The charges and the District Court proceedings
[4] The appellant was charged, by way of summary informations filed
under Part 2 of the Summary Proceedings Act, with
the cultivation of
cannabis, the possession of cannabis and the theft of electricity. He appeared
at a status hearing in a
District Court and was given a sentence indication of a
suspended sentence plus some other form of penalty. The appellant pleaded
guilty to all the charges and, because the Court required a probation report on
the form the additional penalty should take, he was
remanded for a month for
sentence. Although the District Court Judge remanded the appellant for sentence
he did not formally enter
a conviction at that time because, for good reasons
which he stated, he has adopted a practice under which he does not enter a
conviction
until the day on which sentence was passed. In the meantime, the
prosecutor, unknown to the District Court and the appellant, had
filed an
application under the Proceeds of Crimes Act.
[5] It was in this context that the prosecutor appeared by counsel and asked the Court to decline summary jurisdiction and commit the appellant to the High Court for sentence. It had always been intended to proceed indictably, but an administrative error had occurred. The charges, as laid summarily, did not fall
within the definition of "serious offences" in the Proceeds of Crimes Act and
accordingly the forfeiture application could be pursued
only if the charges were
dealt with indictably. The District Court Judge vacated, on his own
motion, the appellant's
guilty pleas and amended the informations as requested
by the prosecution. The appellant has not pleaded to those amended informations
which he has of course challenged by his judicial review application. The
prosecution has indicated that it does not intend to
seek a sentence other than
that indicated at the District Court status hearing.

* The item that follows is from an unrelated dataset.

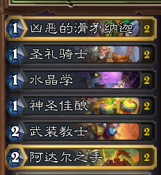 炎术士和荧光棒构成了我们这套牌的解场。作为节奏卡组,炎术士配合佳酿/寿司提供了堪比亵渎的解场能力,而荧光棒。。。这不应该是斩杀组件吗???(果然圣骑士职业斩杀是不存在的)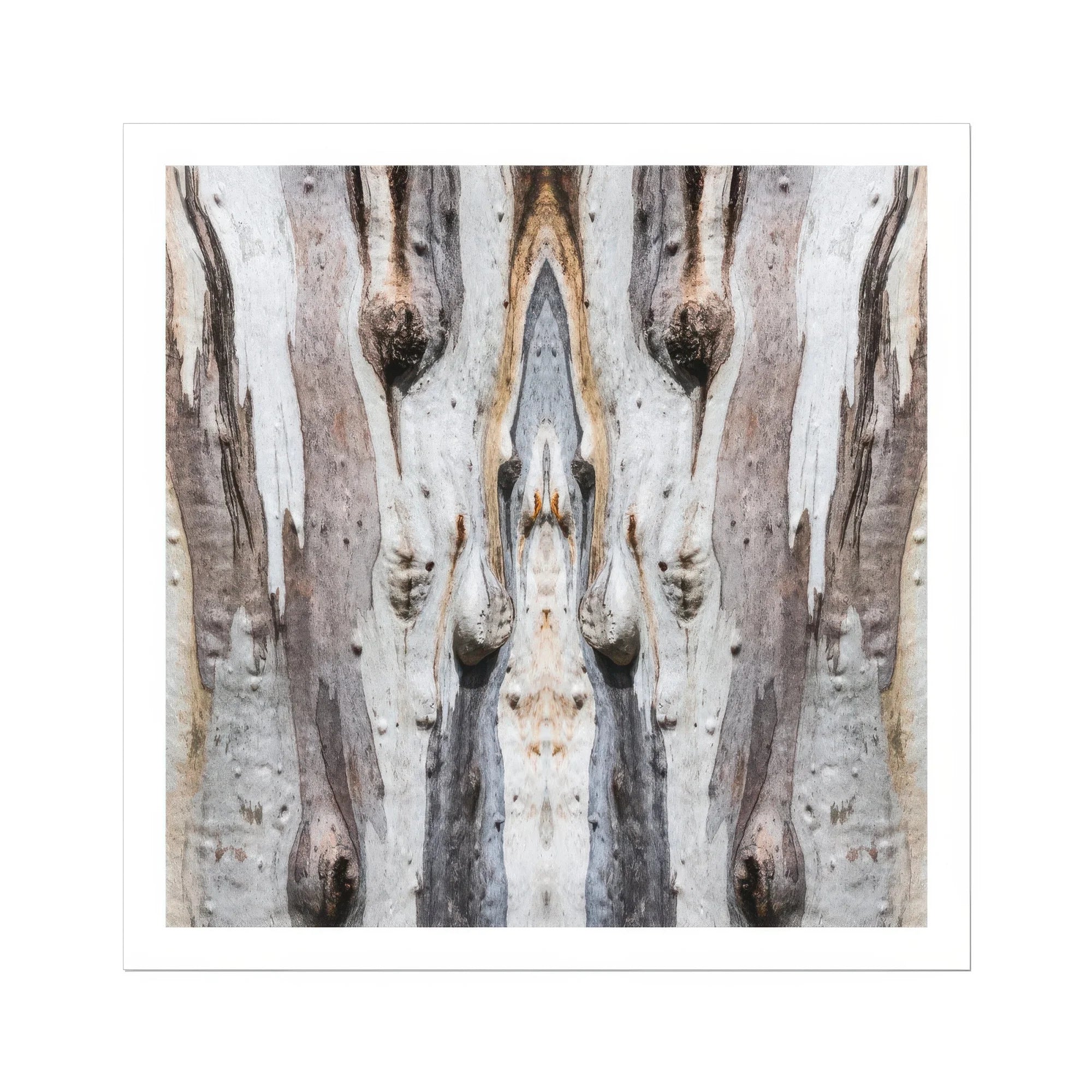Die auffällige Symmetrie von Barking Mad zeigt ein Spiegelbild von Baumrinde und schafft eine abstrakte, fast totemartige Komposition. Der zentrale Fokuspunkt ähnelt einem verlängerten Pfeil- oder Speerspitze und zieht den Blick nach oben. Flankiert wird diese zentrale Form von strukturierten Mustern der Rinde, die Knoten und organische Erhebungen aufweisen und ein Gefühl von Tiefe und Charakter erzeugen.

[6] It is now common ground that the District Court Judge had no power
of his own motion to withdraw the guilty pleas. That
would however be of no
consequence if, as Randerson J held, the power to amend the informations was
still available at the time the
District Court Judge exercised it.
When does a hearing under s43 come to an end?
[7] Section 43 provides:
43 Amendment of information where defendant appears
(1) Subject to the succeeding provisions of this section, where the
defendant appears to answer a charge to which this Part
of this Act applies, the
Court may amend the information in any way at any time during the
hearing.
(2) Without limiting the generality of the powers conferred
by subsection (1) of this section, it is hereby declared
that those powers shall
include power to amend an information by substituting one offence (whether an
indictable offence or a summary
offence) for another offence (whether an
indictable offence or a summary offence), and shall also include power to amend
the information
to an information to which Part 5 of this Act applies.

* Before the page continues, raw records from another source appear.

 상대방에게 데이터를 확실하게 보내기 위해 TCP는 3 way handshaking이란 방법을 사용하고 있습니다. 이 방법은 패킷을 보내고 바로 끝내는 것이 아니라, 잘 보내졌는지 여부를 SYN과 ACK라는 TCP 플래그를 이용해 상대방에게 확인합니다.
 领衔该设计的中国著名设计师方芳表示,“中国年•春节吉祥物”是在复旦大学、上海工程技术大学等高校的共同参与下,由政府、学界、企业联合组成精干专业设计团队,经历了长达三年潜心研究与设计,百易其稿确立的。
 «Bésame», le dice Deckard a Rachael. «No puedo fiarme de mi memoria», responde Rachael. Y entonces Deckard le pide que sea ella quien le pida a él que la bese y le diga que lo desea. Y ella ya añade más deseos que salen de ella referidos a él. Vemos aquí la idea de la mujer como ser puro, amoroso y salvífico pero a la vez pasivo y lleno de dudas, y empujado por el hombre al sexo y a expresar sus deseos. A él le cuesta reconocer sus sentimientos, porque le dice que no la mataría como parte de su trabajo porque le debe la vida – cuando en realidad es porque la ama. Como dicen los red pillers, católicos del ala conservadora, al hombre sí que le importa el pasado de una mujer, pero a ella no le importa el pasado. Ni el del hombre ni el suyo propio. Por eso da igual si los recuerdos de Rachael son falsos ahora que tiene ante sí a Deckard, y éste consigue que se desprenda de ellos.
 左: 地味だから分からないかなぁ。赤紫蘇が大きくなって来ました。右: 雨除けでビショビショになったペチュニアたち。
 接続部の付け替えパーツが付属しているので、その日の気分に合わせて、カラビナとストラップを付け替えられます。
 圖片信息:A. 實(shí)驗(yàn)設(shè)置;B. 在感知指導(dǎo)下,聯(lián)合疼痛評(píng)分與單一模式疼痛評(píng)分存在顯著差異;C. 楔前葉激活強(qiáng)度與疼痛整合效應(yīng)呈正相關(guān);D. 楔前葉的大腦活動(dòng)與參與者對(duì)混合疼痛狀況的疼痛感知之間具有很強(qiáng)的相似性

(3) Where under subsection (2) of this section any information is
amended by substituting one offence for another, then,
subject to the provisions
of subsection (4) of this section, the following provisions shall apply:
(a) Subject to the provisions of paragraphs (b), (c), and (d) of this
subsection, the hearing shall be continued as if the defendant
had originally
been charged with the substituted offence:
(b) If the substituted offence is one to which section 66 of this Act applies, the defendant shall, before the hearing is continued, be
provisions of that section, with the necessary modifications, shall
accordingly apply as if for the words “before the
charge is gone
into” in subsections (1) and (2) of that section there were substituted in
each case the words “before
the hearing is continued”:
(c) Before the hearing is continued, the substance of the charge as amended
shall be stated to the defendant and he shall be asked
how he pleads; and, if he
pleads guilty, the Court may convict him or deal with him in any other manner
authorised by law:
(d) Any evidence already given shall be deemed to have been given in and
for the purposes of the hearing of the charge as amended,
but either party
shall have the right to examine or cross- examine or re-examine any
witness whose evidence has already
been given in respect of the offence
originally charged.
(4) Where under subsection (2) of this section any information is
amended to an information to which Part 5 of this Act
applies, the case shall
be dealt with under that Part in all respects as if the defendant had originally
been charged under that
Part with the indictable offence stated in the amended
information.
(5) The Court may, at the request of the defendant, if it is of opinion that
he would be embarrassed in his defence by reason of an
amendment made or
proposed to be made under this section, adjourn the hearing of the
case.
[8] This Court in Jones v Police [1998] 1 NZLR 447 held that the power of amendment ran beyond the point when the Judge reserved a decision and lasts until the decision is given (452, lines 22-24). In his judgment for a court of five, Tipping J began with what was seen as the policy behind s43: "amendments should be allowed when appropriate and subject to the procedural safeguards contained in the section". He mentioned that under s335 of the Crimes Act 1961, in an environment which is likely to involve more serious offending, the trial court, and even this Court on appeal, has the power to amend the indictment to make it coincide with the proof. He continued that the same power of amendment applies when the High Court is sitting on appeal from a summary conviction in District Court. "This, of course, is at a much later stage of the proceedings at a point between the time judgment is reserved and it is delivered. When a conviction already entered can be amended on appeal it would be odd if an information could not be amended when the Judge is considering whether to enter a conviction." Subject to a possible argument considered next, it follows from Jones that the Judge in this case did have power to amend the information at the time he did.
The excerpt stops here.